When he touched me, my skin was on fire. My heart stopped beating at the way he said sunshine. I don’t want to be this affected by him. I want exactly what I told him. To feel nothing. To be indifferent.
It’s mostly working. In the last few weeks, we’ve had the occasional ‘family dinner’ together with all of our friends, but I keep away, making sure to say hello and ask how he is before promptly moving along to talk to someone—anyone—else.
I can always feel his eyes on me though, and I hate it. Every time he uses a nickname for me, I have to take a deep breath to calm myself down. But it’s not like it used to be. This isn’t me having a teenage crush on my best friend’s brother. This is me despising every last fiber of Owen James for what he did to me. For taking a part of me and then making it mean nothing. For how he made me feel when he left then forgot all about me. For how worried I was for him. For all the times I sat staring at the computer waiting for a call to come through.
Now I resent that he’s here, breathing my air and making it feel like there’s none left for me whenever he’s in the same room.
december 31, 4 months ago
It’s been eleven months, six days, and roughly nine hours since Owen walked into my flat in London. I’ve kept up my cool, calm, collected exterior. I’ve avoided being alone with him at all costs. I even nearly convinced myself that being around him could feel normal and not at all painful. Nearly convinced myself that what happened between us wasn’t a big deal. Nearly.
There was one thing that made the facade slightly easier to maintain, and that was Lincoln, but I couldn’t keep up that charade anymore. He wasn’t even sad when I broke things off. He was angry at the way this would look right before he started promoting his next film, and he’s been angry since. Dating fellow actors has its pros and cons. Pros: they get your insane schedule, need for privacy, and general lifestyle. Cons: they can take everything personally or, worse, take it as something that can affect their own careers. Lincoln did both.

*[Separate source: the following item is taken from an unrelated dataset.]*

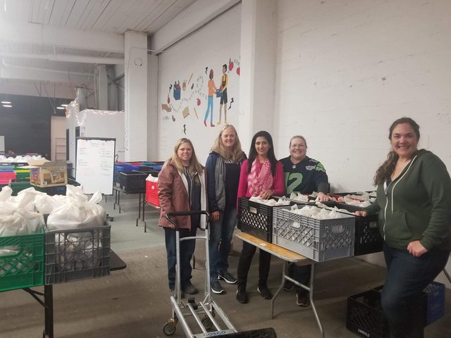 The Sales Operations Team, including Alisa Garcia, Kelly Erickson, Jen Van Dijk, Sapna Kumar, and Kelly Gibbons, volunteers with Backpack Brigade to sort and fill individual bags of food that are distributed to 78 elementary and secondary schools in King County for students in need with food scarcity on the weekends. Every week of the school year, Backpack Brigade provides 3,000 weekend food bags to help students eat from Friday evening until Monday morning.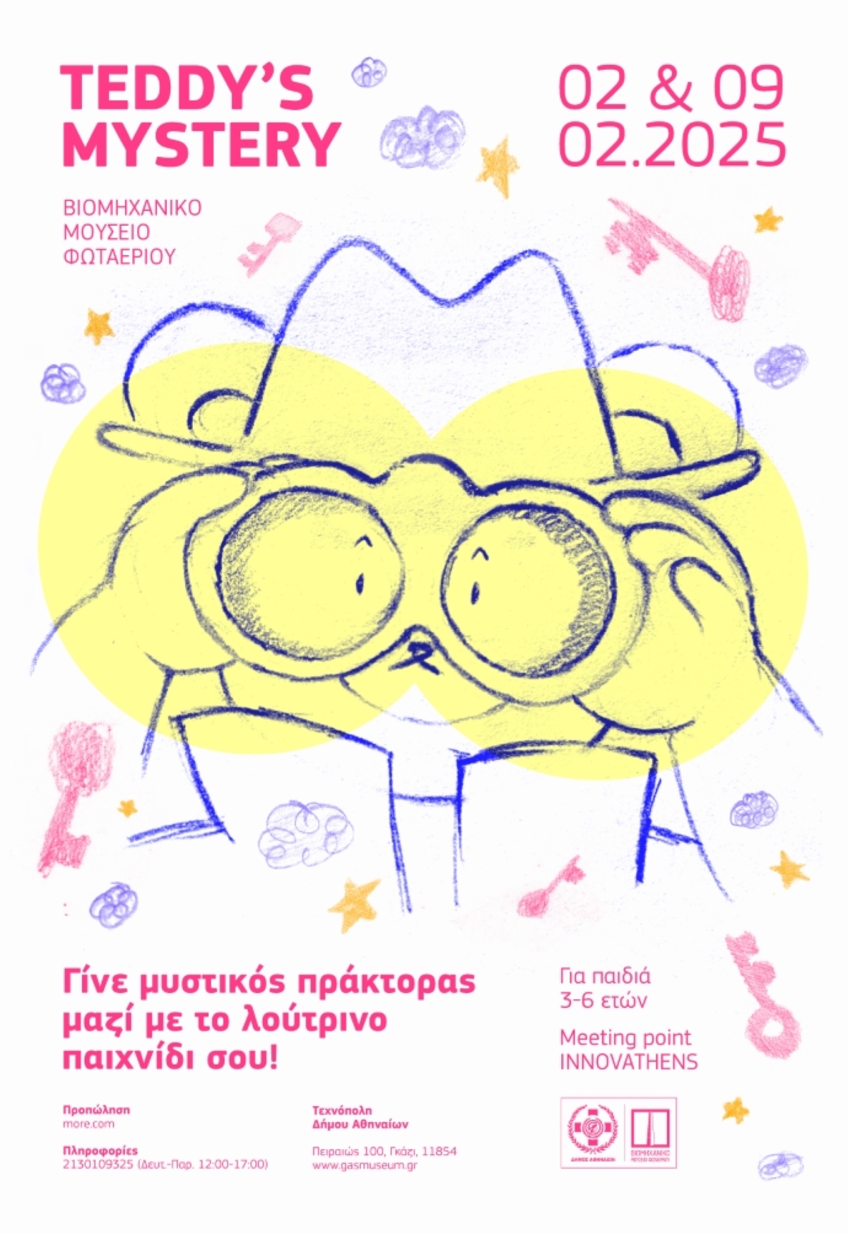Το αγαπημένο πρόγραμμα του Βιομηχανικού Μουσείου Φωταερίου, το Teddy’s, επιστρέφει για δύο συνεχόμενες Κυριακές, στις 2 και 9 Φεβρουαρίου, με μια ξεχωριστή πρωινή εκδοχή που φέρνει μαζί της έναν αέρα περιπέτειας και μυστηρίου! Αυτήν τη φορά, τα παιδιά ηλικίας 3-6 ετών μαζί με τους γονείς τους μεταμορφώνονται σε επίδοξους μυστικούς πράκτορες και, με πολύτιμο σύμμαχο τα αγαπημένα τους λούτρινα αρκουδάκια, αναλαμβάνουν να λύσουν το μυστήριο που έχει απλωθεί στους χώρους του παλιού εργοστασίου φωταερίου.

Thoughts of Owen kept slipping into my head, competing for space among all the other chaos — Mum’s latest man drama, the extra therapy, meetings with my agent about the kinds of roles I’m being booked for, trying to keep up with an unreasonable schedule, and Lincoln. I’ve at least eliminated one of those things for now. It had to be Linc, since Owen doesn’t seem to be going back to the East Coast. Nor does he seem to be leaving my brain space anytime soon.
Lincoln will get over it. He’ll find someone who cares about how expensive his latest sports car is and who likes listening to voicemails, because that person certainly isn’t me. I know he knows it, too. We were never quite right. But the paps loved us. We look great together, I’ll admit it, but that’s not enough. Not nearly enough. Not when he’s not a broody, 6’4” former Marine with green eyes and a dimpled sideways smile that lives rent-free in my thoughts.